Information provided:

━━━━

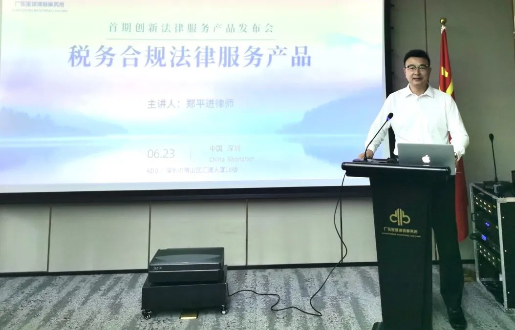 2022年6月23日下午,由广东宝城律师事务所业务创新委员会(以下简称“宝城所创新委”)主办的首期创新法律服务产品发布会于南山总所会议室召开,并同步进行网络会议直播。宝城所高级合伙人郑平进律师对深税团队创新成果——“企业税务合规法律服务产品”进行分享。本次产品发布会由康宁律师主持。
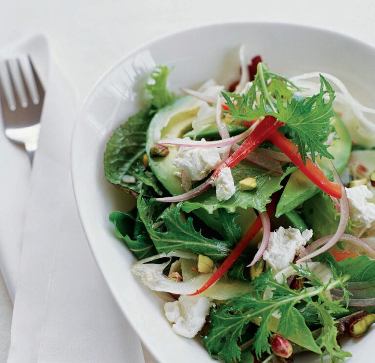 Δεν πρόκειται για μια απλή σαλάτα, αλλά για ένα γενναιόδωρο πιάτο, όπου τα σαλατικά και το βουτυράτο αβοκάντο ενισχύονται από μια πλού- σια, λευκή σάλτσα. Τα κρασιά που θα επιλέξουμε θα πρέπει να πληρούν τις προϋποθέσεις της οξύτητας και της πληθωρικότητας. Πλαδαρά και άνευρα κρασιά δεν θα αντέξουν δίπλα σε αυτή τη σαλάτα. Αναζητήστε λοιπόν ένα φρέσκο Sauvignon, ένα Νυχτέρι ή ένα κρητικό Βιδιανό.
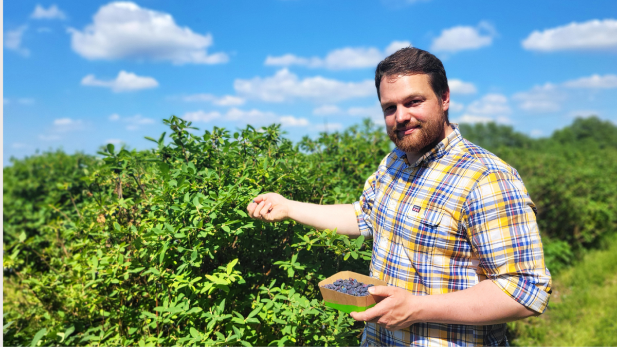 „Die Kamtschatka- oder auch sibirische Heidelbeere stammt von der gleichnamigen Halbinsel, aus dem östlichsten Zipfel Russlands. Sie ist eine ganz besondere Frucht“, lobt Philipp Hertell den wechselnd herb-süßen Geschmack der dunkelblauen Beere, die eigentlich rot ist. Dies sieht man jedoch erst beim Verzehr oder bei der Weiterverarbeitung der trendigen Frucht in experimenteller Küche oder für Marmelade.
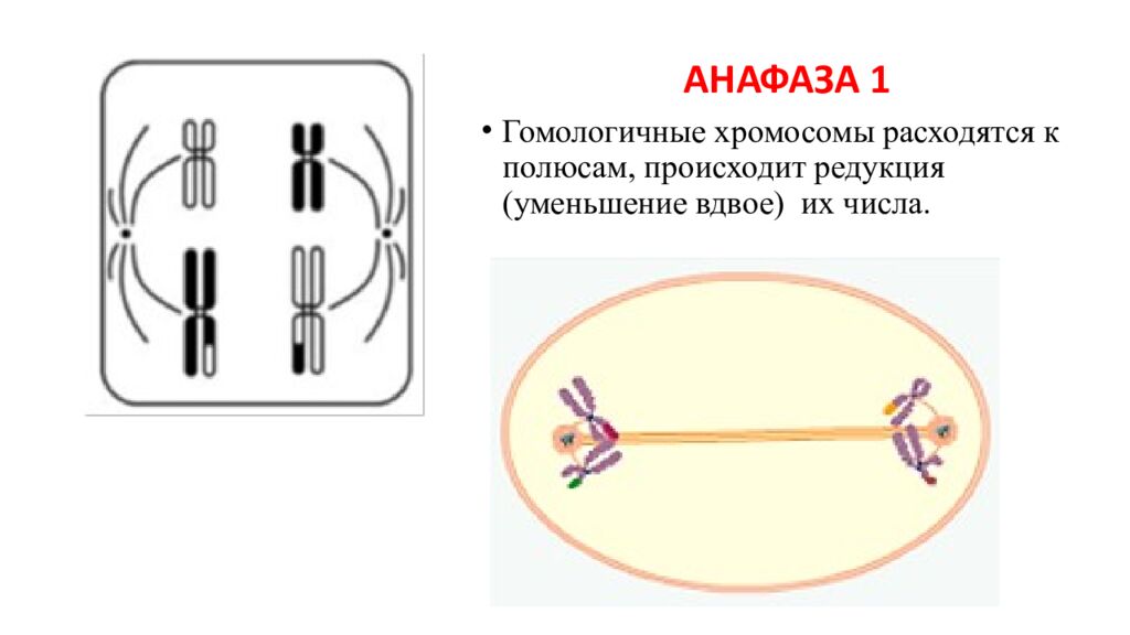 АНАФАЗА 1 Гомологичные хромосомы расходятся к полюсам, происходит редукция (уменьшение вдвое) их числа.
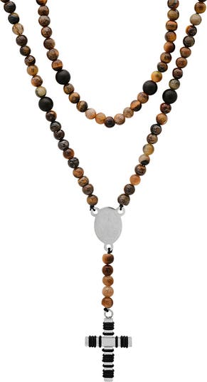 A meaningful gift, this beaded rosary Y-necklace features a saint and crucifix drop constructed from tiger's eye beads and 18-karat gold plated stainless steel.
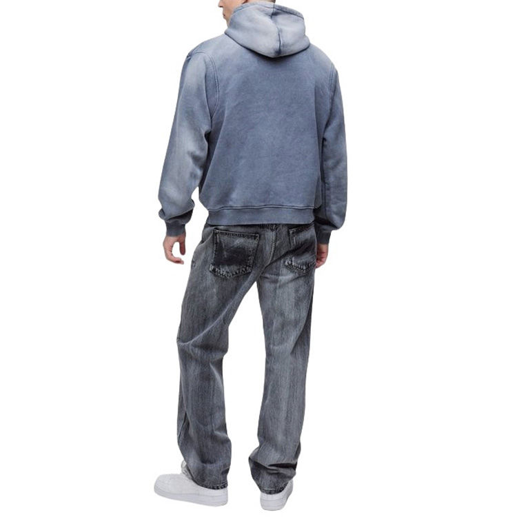Sweat à capuche surdimensionné de haute qualité CustomTerry avec col cheminée, détails de couture, grande poche kangourou, style vintage pour homme
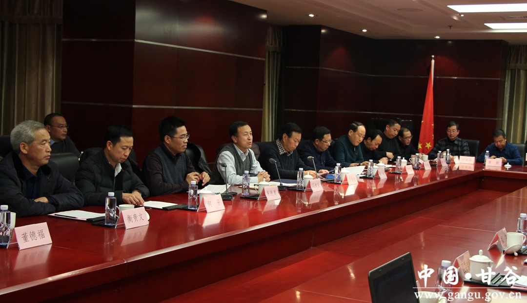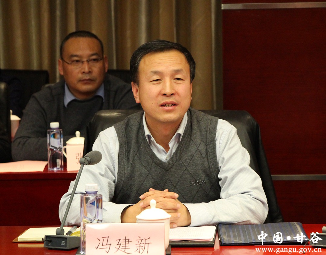 冯建新代表甘谷县委、县政府作了汇报发言,详细介绍了全县经济社会发展和东丽区对口帮扶甘谷县工作情况。
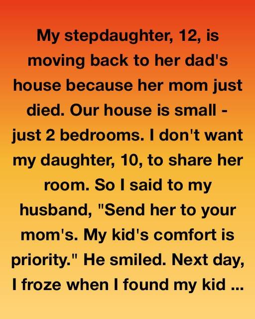 My stepdaughter, 12, is moving back to her dad’s house because her mom just died. Our house is small—just 2 bedrooms. I don’t want my daughter, 10, to share her room. So I said to my husband, “Send her to your mom’s. My kid’s comfort is priority.” He smiled.
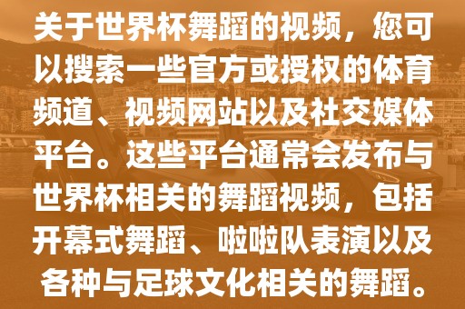 您可以在YouTube、抖音、快手等视频网站上搜索关键词如“世界杯舞蹈视频”、“世界杯开幕式舞蹈”等,以找到相关的视频,一些官方体育频道如CCTV-5等也可能会直播或回放世界杯相关舞蹈表演。
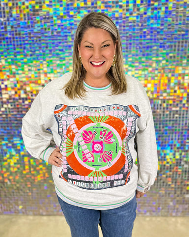 Queen of Sparkles Mahjong Table Sweatshirt - Grey/Multi
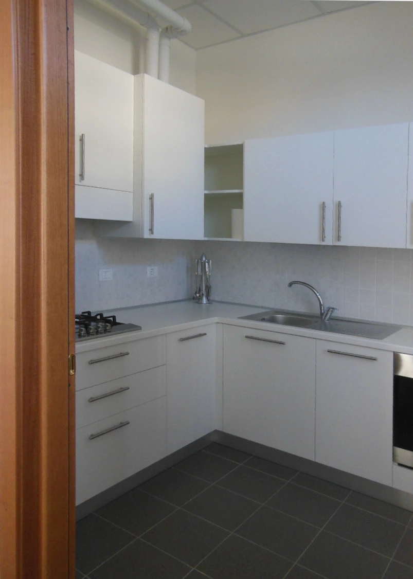 - Locale di servizio ad uso cucina di circa 7 mq, con piano cottura a quattro fuochi, cappa aspirante, lavello e frigorifero combinato.
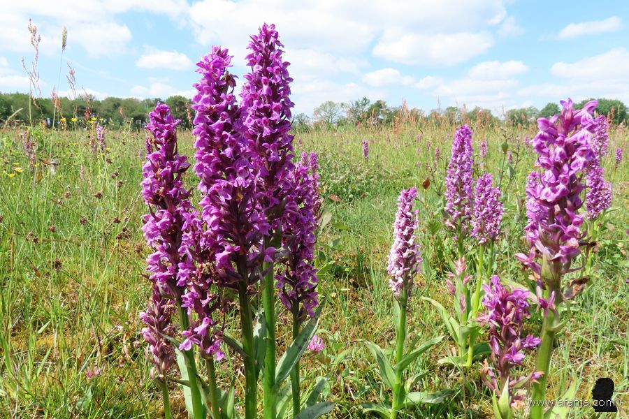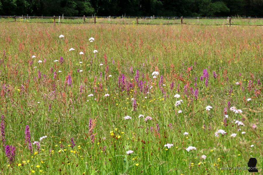 Nadat we ter hoogte van de Lippenhuisterbrug wat libellen hadden gefotografeerd, vervolgden Jetske en ik onze weg in zuidelijke richting over de Ald Hearrewei. Die Ald Hearrewei (vertaald: Oude Herenweg) bestaat uit weinig meer dan een eeuwenoud zandpad en een schelpenpad voor fietsers. Het pad krijgt zijn charme van een mooie kruidenrijke middenberm, die van noord naar zuid vol bloemen staat …

━━━━

Directions for this task: The images are to be left out while the entries are written out exactly.

Output of the task:
 2022年6月23日下午,由广东宝城律师事务所业务创新委员会(以下简称“宝城所创新委”)主办的首期创新法律服务产品发布会于南山总所会议室召开,并同步进行网络会议直播。宝城所高级合伙人郑平进律师对深税团队创新成果——“企业税务合规法律服务产品”进行分享。本次产品发布会由康宁律师主持。
 Δεν πρόκειται για μια απλή σαλάτα, αλλά για ένα γενναιόδωρο πιάτο, όπου τα σαλατικά και το βουτυράτο αβοκάντο ενισχύονται από μια πλού- σια, λευκή σάλτσα. Τα κρασιά που θα επιλέξουμε θα πρέπει να πληρούν τις προϋποθέσεις της οξύτητας και της πληθωρικότητας. Πλαδαρά και άνευρα κρασιά δεν θα αντέξουν δίπλα σε αυτή τη σαλάτα. Αναζητήστε λοιπόν ένα φρέσκο Sauvignon, ένα Νυχτέρι ή ένα κρητικό Βιδιανό.
 „Die Kamtschatka- oder auch sibirische Heidelbeere stammt von der gleichnamigen Halbinsel, aus dem östlichsten Zipfel Russlands. Sie ist eine ganz besondere Frucht“, lobt Philipp Hertell den wechselnd herb-süßen Geschmack der dunkelblauen Beere, die eigentlich rot ist. Dies sieht man jedoch erst beim Verzehr oder bei der Weiterverarbeitung der trendigen Frucht in experimenteller Küche oder für Marmelade.
 АНАФАЗА 1 Гомологичные хромосомы расходятся к полюсам, происходит редукция (уменьшение вдвое) их числа.
 A meaningful gift, this beaded rosary Y-necklace features a saint and crucifix drop constructed from tiger's eye beads and 18-karat gold plated stainless steel.
Sweat à capuche surdimensionné de haute qualité CustomTerry avec col cheminée, détails de couture, grande poche kangourou, style vintage pour homme
 冯建新代表甘谷县委、县政府作了汇报发言,详细介绍了全县经济社会发展和东丽区对口帮扶甘谷县工作情况。
 My stepdaughter, 12, is moving back to her dad’s house because her mom just died. Our house is small—just 2 bedrooms. I don’t want my daughter, 10, to share her room. So I said to my husband, “Send her to your mom’s. My kid’s comfort is priority.” He smiled.
 您可以在YouTube、抖音、快手等视频网站上搜索关键词如“世界杯舞蹈视频”、“世界杯开幕式舞蹈”等,以找到相关的视频,一些官方体育频道如CCTV-5等也可能会直播或回放世界杯相关舞蹈表演。
 Queen of Sparkles Mahjong Table Sweatshirt - Grey/Multi
 - Locale di servizio ad uso cucina di circa 7 mq, con piano cottura a quattro fuochi, cappa aspirante, lavello e frigorifero combinato.
 Nadat we ter hoogte van de Lippenhuisterbrug wat libellen hadden gefotografeerd, vervolgden Jetske en ik onze weg in zuidelijke richting over de Ald Hearrewei. Die Ald Hearrewei (vertaald: Oude Herenweg) bestaat uit weinig meer dan een eeuwenoud zandpad en een schelpenpad voor fietsers. Het pad krijgt zijn charme van een mooie kruidenrijke middenberm, die van noord naar zuid vol bloemen staat …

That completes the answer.